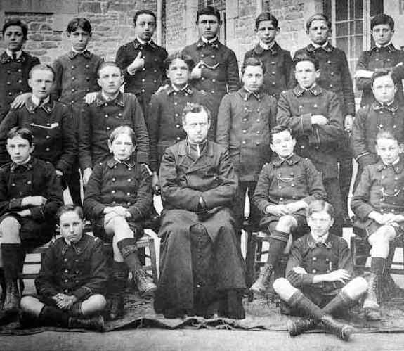 boarders. Two boys standing together have a rather Napoleonic pose with their hanfs in their jackets. Most of the boys wear the uniform jacket with short pants and
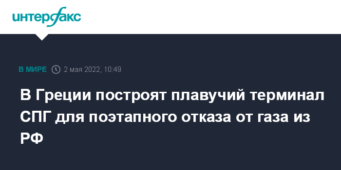 "Плавучий терминал СПГ в Александруполисе поможет достичь цели ЕС по поэтапному отказу от российского газа как можно скорее, как было решено Европейским советом в марте", - объяснил пресс-секретарь.
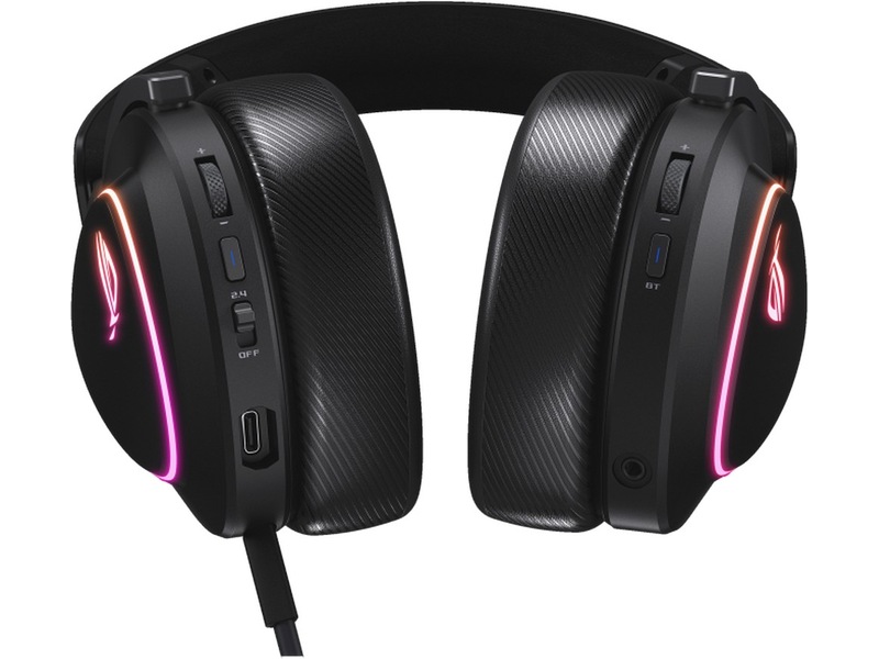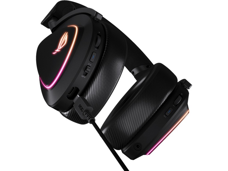 Tri-mode wireless gaming headset with ROG SpeedNova, 50 mm titanium-plated diaphragm drivers, and refined wireless sound signature, 10 mm super-wideband boom microphone, DualFlow Audio, up to 110-hour battery life, lightweight 318-g design, plus ASUS Aura Sync RGB lighting

Problem
All the lines above must be written out exactly, without a single picture.

Response
 boarders. Two boys standing together have a rather Napoleonic pose with their hanfs in their jackets. Most of the boys wear the uniform jacket with short pants and
 "Плавучий терминал СПГ в Александруполисе поможет достичь цели ЕС по поэтапному отказу от российского газа как можно скорее, как было решено Европейским советом в марте", - объяснил пресс-секретарь.
 Tri-mode wireless gaming headset with ROG SpeedNova, 50 mm titanium-plated diaphragm drivers, and refined wireless sound signature, 10 mm super-wideband boom microphone, DualFlow Audio, up to 110-hour battery life, lightweight 318-g design, plus ASUS Aura Sync RGB lighting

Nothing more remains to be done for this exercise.